One issue with less time is clearly idea generation. In the past, I was very proud of the fact that most of my ideas were “original” which means I developed them mostly all by my own. This however takes time and requires a lot of reading and research.
It’s pretty clear that I can do less of this going forward. One way to “short cut” this is to look at what other people are doing. The biggest problem with this is in my opinion, in trying to follow ideas of managers that have a very different way and style of investing. Some readers might remember that I “shadowed” David Einhorn for some time but I didn’t understand what he was doing (and maybe he didn’t either….).
So I think it is pretty essential to focus on investors that have a certain degree of overlap with my preferred way of investing. Luckily there are some and I will use them much more as “Inspiration” than I did in the past. Just to be clear: i would never buy a stock just because another investor has bought it. But I intend to use this morethan in the past to see if such a stock could be potentially interesting.
One observation form my side: Maybe it is subjective but I have the feeling that in the blogosphere, there are not many good investment blogs left. Maybe I should go and search for new ones, but a lot of the old ones rarely post anymore.

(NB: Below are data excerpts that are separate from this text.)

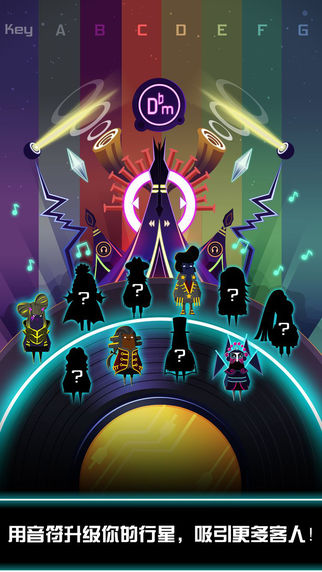 画面与音效:竖版2D科幻画风搭配动态背景,音符与光效随曲风实时变化,营造沉浸式音乐氛围。官方合作独立音乐人的原创BGM质量上乘,节奏感强烈。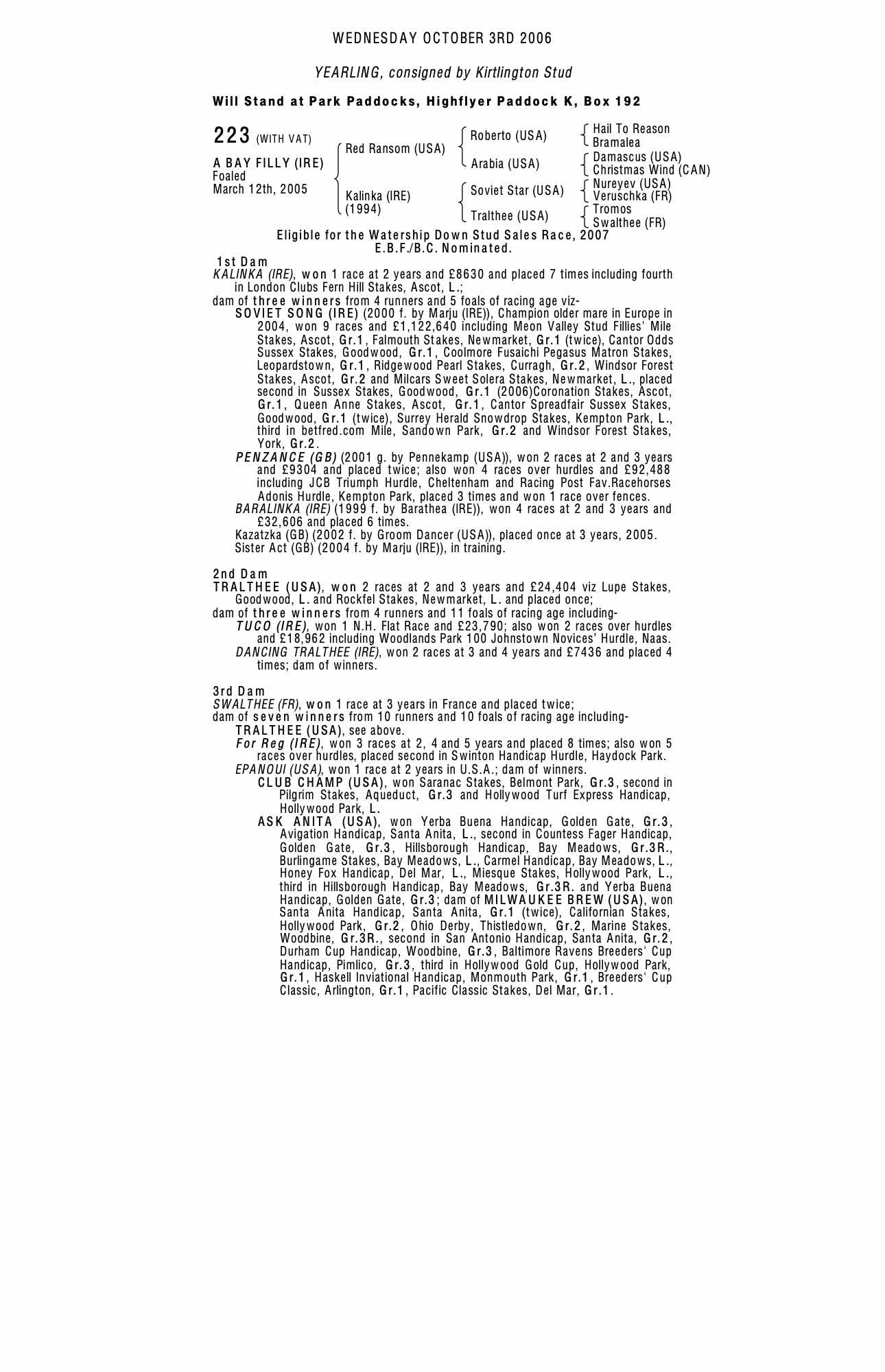 December Mare Sale 2006 lot 1572 Kazatzka (GB) (M. by Groom Dancer (USA)), Kirtlington Stud=>Seamus Kennedy 88,000 gns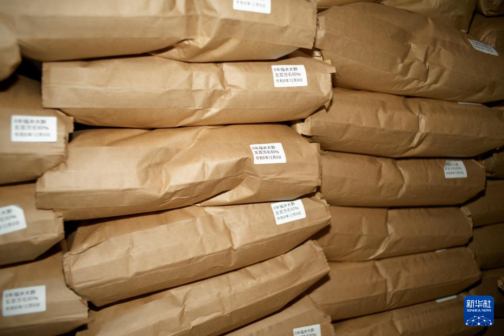 这是12月17日在日本福井县常山酒厂米仓拍摄的清酒原料——产于福井县的大米。

But don’t worry: There will be some original ideas here in the future as well, but maybe not just as many as in the past.
Re 11: What should I do with the blog
Clearly, the blog requires some of my precious “extra time”. If I would end the blog, in theory I would have more time to look at investments. On the other hand, the blog and my great readers are a great motivator to keep going. Without the blog I don’t think that my portfolio would have performed as it has in the past.

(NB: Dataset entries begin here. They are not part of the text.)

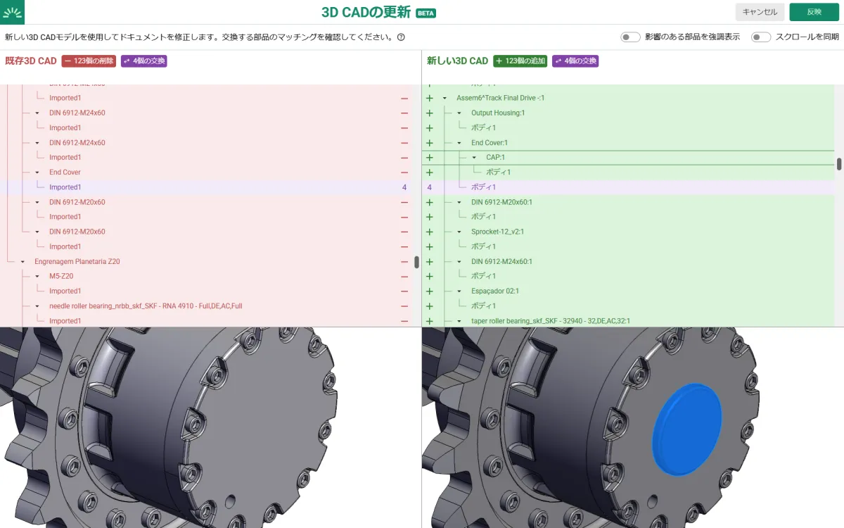 この新機能では、変更前と変更後の3Dモデル、及びパーツリストが同時に表示可能です。これにより、パーツの変更点を視覚的に確認し、手順の変更についての検討がより簡単に行えます。また、スクロールが同期され、モデルを動かすともう一方のモデルも同様に動くため、比較が非常にスムーズになります。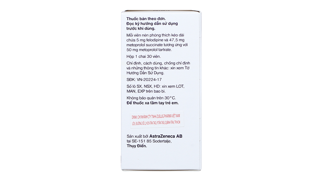 Hoạt chất: 5mg felodipin và 47,5mg metoprolol succinat tương ứng với 50mg metoprolol tartrat.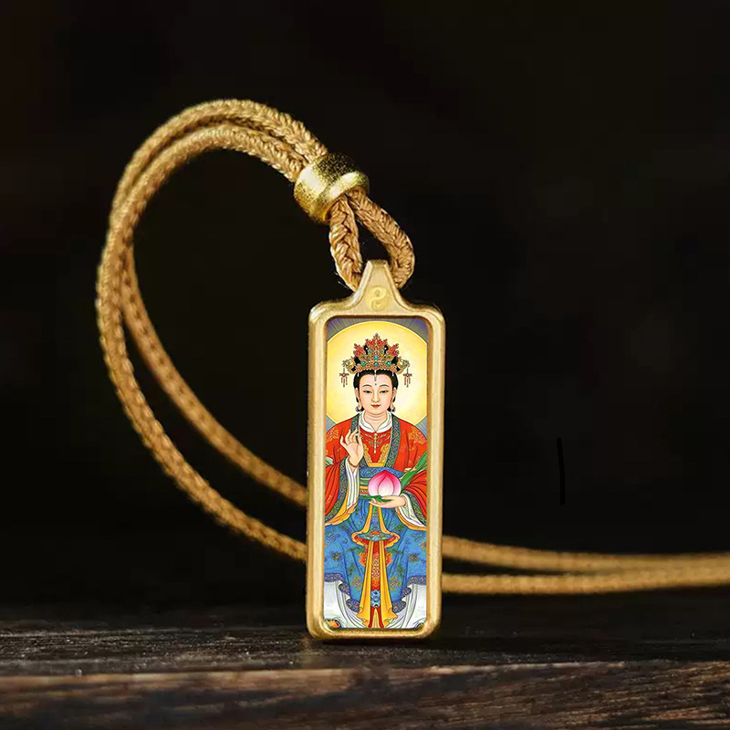 This pendant, depicting a deity, is handcrafted by Taoist artisans. Its titanium-steel enamel case is carved from an alloy and coated with durable enamel, ensuring its color lasts for years (note: the color may oxidize naturally).

What I will need to do is however to also reduce the blogging frequency and posts might get shorter. But we will see how this turns out as blogging still is great fun for me.
Summary – in a nutshell:
With less time available, I will need to change the way I invest in the future. Most importantly I will:
- try to increase my average holding period further and slow down trading frequency even more
- focus more on my core areas of expertise (e.g. financial services, Europe)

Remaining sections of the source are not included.